Simple interest is a fast and easy method of calculating the interest charge on an amount . Simple interest is determined by multiplying the daily interest rate by the principal amount by the number of days that elapse between payments.It is the interest calculated on the principal amount of a loan or the original contribution to a savings account. Simple interest does not compound, meaning that an account holder will only gain interest on the principal, and a borrower will never have to pay interest on interest already accrued.
Example – What is simple interest of Rs 5000/- for 5 years at 5% interest per annum.

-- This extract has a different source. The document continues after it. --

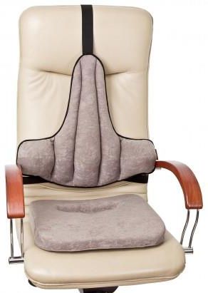 Nakładka na krzesło lub fotel w kolorze beżowym Przeznaczenie: korekta sylwetki w pozycji siedzącej na krześle lub foteluZakres wagowy: bez ograniczeń,Zakres wzrostowy: bez ograniczeń,Dla: kobiet, mężczyzn. Kolor: beżowyWprowadzenie: Większość krzeseł nie może być dopasowana do indywidualnego użytkownika. Jedynie niewielka ilość drogich foteli jest prawidłowo (anatomicznie) ukształtowana i umożliwia dodatkowo regulację dla przyjęcia prawidłowej pozycji siedzącemu. Niestety, zarówno twarde krzesło, jak i miękki fotel, fatalnie wpływają na kręgosłup osoby siedzącej – w pozycji wyprostowanej na trzeci krążek międzykręgowy napiera siła odśrodkowa 150 kg! Jest to potężne wyzwanie dla mięśni pleców, jednak możliwe do pokonania, ale obciążenie to może się nawet zwiększać do 250-280 kg, a to już za dużo. Gdy osoba siedząca pochyla się nad biurkiem zasypanym dokumentami, a teraz najczęściej nad klawiaturą komputera, trudno jest jej utrzymać głowę odchyloną do tyłu. Przygarbiona sylwetka i rozluźnione mięśnie pleców, które w takiej pozycji przestają neutralizować nacisk, doprowadzają do urazów krążków międzykręgowych i zmian zwyrodnieniowych kręgosłupa.Cel stosowania zestawu: Zastosowanie nakładki systemu „KULIK-SYSTEM” umożliwia kształtowanie prawidłowej pozycji siedzącego na każdym krześle. Zastosowanie zestawu stwarza siedzącemu sytuację komfortową. Siedzący intuicyjnie utrzymuje właściwą postawę, bez zaprzątania tym swojej uwagi. Jego kręgosłup będzie obciążany prawidłowo (anatomicznie), a wielogodzinna nieraz pozycja siedząca nie wywoła mikrourazów kręgów, naprężeń i zmęczenia mięśni kręgosłupa. Warunkiem jest prawidłowe rozmieszczenie elementów na fotelu, powodujących nieświadome cofanie przez siedzącego guzów kulszowych w kierunku oparcia fotela i elastyczną pracę kręgosłupa na odcinku łuku lędźwiowego.Sposób użytkowania: Górny element nakładki mocujemy obejmami na oparciu krzesła, pamiętając przy tym aby część lędźwiowa znajdowała się na wysokości lędźwi użytkownika. Natomiast dolny element nakładki mocujemy możliwie najbliżej w kierunku oparcia krzesła. Elementy nakładki wykonane są z najlepszych materiałów, z wypełnieniem paroprzepuszczalnym umożliwiającym oddychanie ciała. Opis Coraz więcej pracujemy w pozycji siedzącej, która jest najgorsza dla naszego kręgosłupa. Do tego zwykle nie siedzimy przed komputerem albo laptopem właściwie, co z czasem zaowocuje bólami i zwyrodnieniami. Trzeba działać zawczasu, profilaktycznie, korygować swoją postawę. Technologia i ergonomia przychodzą nam z pomocą. Dzięki nim możemy kupić przedmiot, który ulży naszemu kręgosłupowi. Jest nim właśnie prezentowana nakładka na krzesło firmy Kulik-System.Nakładka wyprodukowana została w kolorze beżowym. Mocuje się ją do oparcia krzesła lub fotela za pomocą łatwego w użyciu systemu pasów na zatrzaski z tworzywa sztucznego. Koniecznie trzeba pamiętać, aby nakładka znajdowała się na wysokości kręgosłupa lędźwiowego. Wtedy będzie najlepiej spełniać swoją funkcję, którą jest korekta sylwetki w pozycji siedzącej. Dolna część powinna być jak najbliżej oparcia krzesła lub fotela. Nakładka nie ma ograniczeń wagowych, wzrostowych, wiekowych oraz płciowych. Dzięki zastosowaniu tego przedmiotu będzie nam się wygodniej siedzieć, a przede wszystkim oddalimy niebezpieczeństwo problemów z kręgosłupem, w tym zwyrodnień stawów, bólów mięśni i stawów. Dzięki nakładce szybko i intuicyjnie będziesz przybierać właściwą pozycję podczas siedzenia.

Solution – SI= $\mathbf{\frac{P * R * T}{100}}$
$=\frac{5000 *5 *5}{100}$
=Rs 1250.
1. Find the simple interest on Rs. 60,000 at 13/5 % p.a. for a period of 9 months?
Options:
A. 1170
B. 1710
C. 11700
D. 1017
Solution:
We know that, SI = $\mathbf{\frac{P * R * T}{100}}$
P = 60000
R = $\frac{13}{5}$
T = 9 months = $\frac{ 3}{4}_{th}$ year
SI =$\frac{60000 * 13 * 3}{5 * 4 * 100}$
SI = $\frac{117000}{100}$
SI = 1170
Correct option: A
2. What will be the ratio of simple interest earned on a certain amount at the same rate of interest for 6 years and that for 24 years?
Options:
A. 1:2
B. 3:5
C. 1:3
D. 1:4
Solution:
Required Ratio = Simple Interest for 6 years/Simple Interest for 24 years
=$\frac{T_{1}}{T_{2}}$
$=\frac{6}{24}$
$=\frac{1}{4}$
=1:4
Correct option: D
3.Find the simple interest on Rs.500 for 10 months at 5 paisa per month?
Options:
A. Rs. 2500
B. Rs. 250
C. Rs. 25
D. Rs. 25.5
Solution:
SI = $\mathbf{\frac{P * R * T}{100}}$
Downstream speed = 2x
SI = $\frac{500 * 5 * 10}{100}$
= Rs. 250
Correct option: B
1. Nisha borrowed some money at the rate of 5% p.a. for the first two years. She again borrowed at the rate of 10% p.a. for the next three years. Later at the rate of 15% p.a. for the rest of the years. Total interest paid by her was Rs. 15000 at the end of 10 years. Calculate the amount of money she borrowed?
Options:
A. Rs. 15005
B. Rs. 20000
C. Rs. 15000
D. Rs. 10000
Solution:
According to the question,
r1 = 5% , T1 = 2 years
r2 = 10% , T2 = 3 years
r3 = 15% , T3 = 5 years
(since, beyond 5 years rate is 14%)
(since, beyond 5 years rate is 14%)
Simple interest = 15000
Therefore, P =$ \frac{15000 * 100}{5*2 +10*3 +15*4 }$
$=\frac{1500000}{10 + 30 + 60 }$
= $\frac{1500000}{100}$
= Rs. 15000
Correct option: C
2. Rahul invests some amount of money in three different schemes for 5 years, 10 years and 15 years at 10%, 12% and 15% Simple Interest respectively. At the completion of each scheme, he gets the same interest. Find out the ratio of his investment?
Options:
A. 3: 9: 15
B. 10: 24: 45
C. 10: 24: 40
D. 9: 24: 45
Solution:
If a certain sum of money is lent out in n parts in such a manner that equal sum of money is obtained at simple interest on each part where interest rates are 10 %, 12 %,15% respectively and time periods are 5 years , 10 years , 15 years respectively.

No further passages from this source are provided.